Ok, another great video! I am going to buy a DJI Osmo 3 tomorrow and try to take some better videos and photos of my tanks.

Cheers


----------



## Discusluv (Dec 24, 2017)

Dinner!


----------



## Discusluv (Dec 24, 2017)

Spy'ed my first shrimp-let in this tank. 
I'm a proud momma- lol!

It looks almost colorless, but thinking it must be a yellow neo?


----------



## Blue Ridge Reef (Feb 10, 2008)

That's what my money would be on.


----------



## Discusluv (Dec 24, 2017)

Fighting hair Algae something awful in tank. I am going to put light on 4 hours a day for the next week. Also, added lots of frogbit and duckweed. Hope that brings it back into balance. I would hate to tear out all the moss in here and have to use other type of plants. 

It is a bummer not to be able to look at my tank more because it is dark most of the time.

Bump:


Blue Ridge Reef said:


> That's what my money would be on.


These yellow shrimplets are adorable. They love all the hair algae-- even though I detest it. :|


----------



## Discusluv (Dec 24, 2017)

I am thrilled because I have a berried female Royal Tiger! 

It is really hard to see her eggs in this short video because she is trying to hide ( I guess). She and another shrimp stayed on the other side of the tank hidden away when I fed tonight. Ill show a short video of that as well. 

So far gave counted 15/18 royals tonight. 
@Blue Ridge Reef-- see the little shrimp-let in video 2?- definitely a yellow neo. 

https://vimeo.com/383193254

https://vimeo.com/383193280


----------



## Streetwise (May 24, 2019)

Very cool! You have a lot of cool shrimp!

I don't have any science for this, but it seems like the yellow Neo shrimp are especially resilient. Maybe they don't flood the market as quickly as other colors? I finally have a tank for red, another for blue, another for yellow, one for hybrid and wild-type, and another with Amanos (my community tank). I actually like the weird oddballs the best, but it is fun watching the various color tanks.

Cheers


----------



## Discusluv (Dec 24, 2017)

I am so new to the hobby that I cant make any meaningful comparisons between the types/colors- but, Ill make some observations:

So far, my c. babaulti "zebra' have been the most prolific for me, but Ive also had them the longest ( along with my wild neo's. These wild- neo's are not near as prolific as the babaulti for me.) 

The yellows have had shrimplets sooner than all of the varieties of shrimp Ive kept, but time will tell if the numbers are more prolific than the babaulti

If the royals do have shrimplets, they will be pretty fast at producing. I haven't had them that long. 
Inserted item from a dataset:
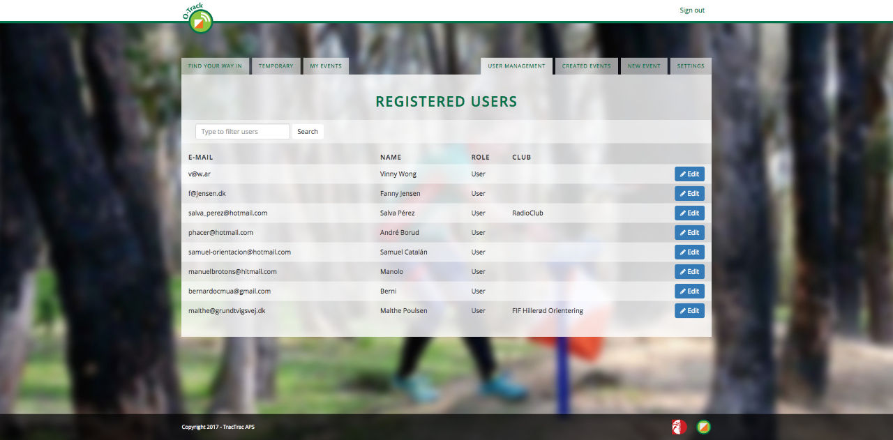 Una vez creada la cuenta asociada a un club, por favor escribe un e-mail a o-track-esp [at] tractrac.com especificando el nombre de tu cuenta de O-track, tu país y tu club. En el mensaje, deberás solicitar convertirte en un administrador. A partir de ahí, podremos ascenderte a administrador con la posibilidad de crear eventos en O-track.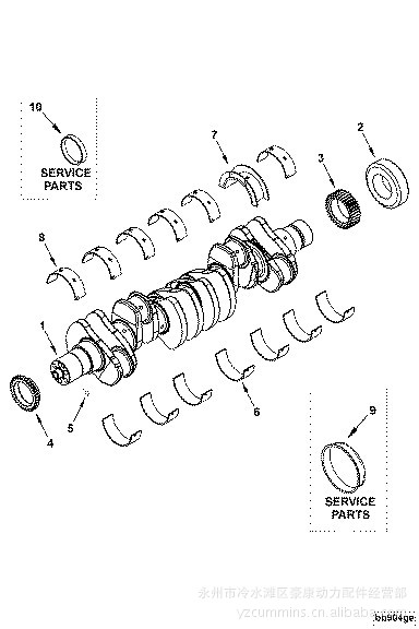 曲柄连杆机构:康明斯缸体,康明斯缸盖,康明斯连杆,康明斯连杆衬套,康明斯连杆瓦,康明斯曲轴瓦,活塞,缸套,活塞环,活塞销,飞轮总成,曲轴总成等。

My Bloody Mary's have been very slow to reproduce. So far the slowest of my shrimp (if this Royal female does have a successful clutch of eggs that survive). Which is strange to me.
The PRL- Ive had only a couple weeks. They appear to be very young juveniles.


----------



## Streetwise (May 24, 2019)

I've only enjoyed freshwater shrimp for a couple of years. I feel like I have seen 1/8 retail reds, and 1/10 retail blues not make it, but no losses for clear, yellow, orange, or wild. I think red and blue get over-produced, and moved too quickly.


----------



## Streetwise (May 24, 2019)

I went to bed thinking about shrimp, and woke up thinking about shrimp. I realized that when I first got some shrimp, before I knew about the different species, I ended up with some striped ones, red and white (Crystal Red?), and red and clear, I think. Now I think they must have been Caridina shrimp, and not Neocaridina. Is that correct, or are there striped Neocaridina Shrimp too?


----------



## Blue Ridge Reef (Feb 10, 2008)

Crystals are Caridina. And most find much more sensitive, except @zoidberg. He had much better luck with bees than cherries, but that's the opposite of my own experience.


Yeah, that's a yellow Neo baby! My own yellows are blowing up for me too. Need to update a video. That tank is the only one of 4 producing any substantial numbers so far.


----------



## Discusluv (Dec 24, 2017)

Well, its been a little over 2 weeks since I spotted the female with eggs, maybe there is a glimmer of hope that she is still berried. I haven't seen any dead shrimp, pretty sure they are all still there.


----------



## Discusluv (Dec 24, 2017)

I spoke too soon with yesterdays update. Had one of my blue tigers on their back this morning. Thought it was dead but went to get it out and it righted itself and swam a short distance and is now resting on a branch. 
I did notice a white stripe around the middle-- a failed molt? 
Tested the water and the parameters are off:

TDS: 150 ( normally keep at 175)
Ph: 6.0 ( normally at 6.5)
GH 6 ( normal)
KH 2 (normal)

Could the water parameter changes be an issue for a failed molt? @somewhatshocked


----------



## Blue Ridge Reef (Feb 10, 2008)

If it's right between the thorax and abdomen, that's not a good sign. https://aquariumbreeder.com/dwarf-shrimp-and-molting-problems-the-white-ring-of-death/


----------



## Discusluv (Dec 24, 2017)

Blue Ridge Reef said:


> If it's right between the thorax and abdomen, that's not a good sign. https://aquariumbreeder.com/dwarf-shrimp-and-molting-problems-the-white-ring-of-death/


 Thats where it is, yes.


----------



## Blue Ridge Reef (Feb 10, 2008)

Dang. So sorry to hear that. Couldn't hurt to add a cuttlebone or steam some spinach or kale. This is one of those things I've read about for years but never encountered (knocks on wood). I'm not sure why so many people keep tigers like bees in soft acid water if this is a concern. Mine were bred in that so I've kept them there also. But I've lost a few and am far sighted so could have easily missed it on one shrimp in a big tank. Hoping yours makes it. I've even read of people manually pulling them out of their old shell but I'm too fumble fingered for that.


----------



## Discusluv (Dec 24, 2017)

I retested the Ph, because 6.0 just didn't seem right, and came up with a normal 6.5 like usual. I dont know what I did to get a false reading. I ordered some cuttle-bone to be on safe side. Thanks for the suggestion. I also ordered some Glasgarten Mineral Junkie Pearls to feed on occasion. 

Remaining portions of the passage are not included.